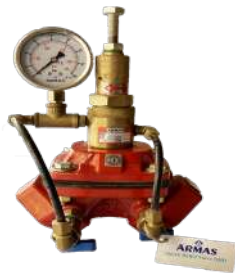
Metal pressure relife valve brass pilot 2" up to 3"
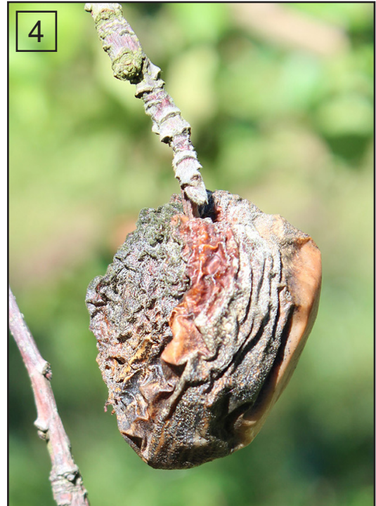
FIGURE 4. INFECTED FRUIT MAY REMAIN ATTACHED TO TREES AS MUMMIES AND SERVE AS INOCULUM SOURCES FOR SUBSEQUENT SEASONS.

individual species, respectively. Previous literature (and some current publications) reference species complex instead of the specific species within the complex. To date, 12 individual species of Colletotrichum have been identified as fruit rot pathogens in the Southeastern U.S. (TABLE 1). In Kentucky, six individual species are known to cause apple bitter rot. Species identification is important because individual species exhibit differences in:
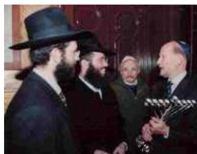
Bulgaria - Prime Minister Simeon II
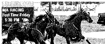
I KNOW MY CHIP
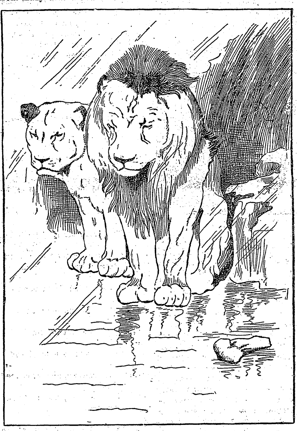
A WET DAY AT THE ZOO.

Gardens to be taken care of by the keepers; so that you see there are many ways of getting the creatures for the Gardens. There is a great variety of animals, too: some are quite small and some very large, like the elephant, the biggest animal in the world, and yet so quiet and gentle that he walks about the garden paths all day, giving the boys and girls rides on his back, and holding out his trunk for buns and biscuits as he goes along. Some animals, too, come from hot coun-
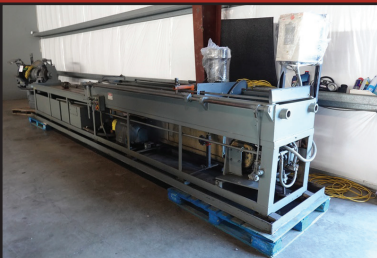
TUBE HONING MACHINE

Task directions
What you return should be the exact lines from the one containing "A WET DAY AT THE ZOO." through the end of the listing above, both included, minus any pictures.

Written response
A WET DAY AT THE ZOO.

Gardens to be taken care of by the keepers; so that you see there are many ways of getting the creatures for the Gardens. There is a great variety of animals, too: some are quite small and some very large, like the elephant, the biggest animal in the world, and yet so quiet and gentle that he walks about the garden paths all day, giving the boys and girls rides on his back, and holding out his trunk for buns and biscuits as he goes along. Some animals, too, come from hot coun-
TUBE HONING MACHINE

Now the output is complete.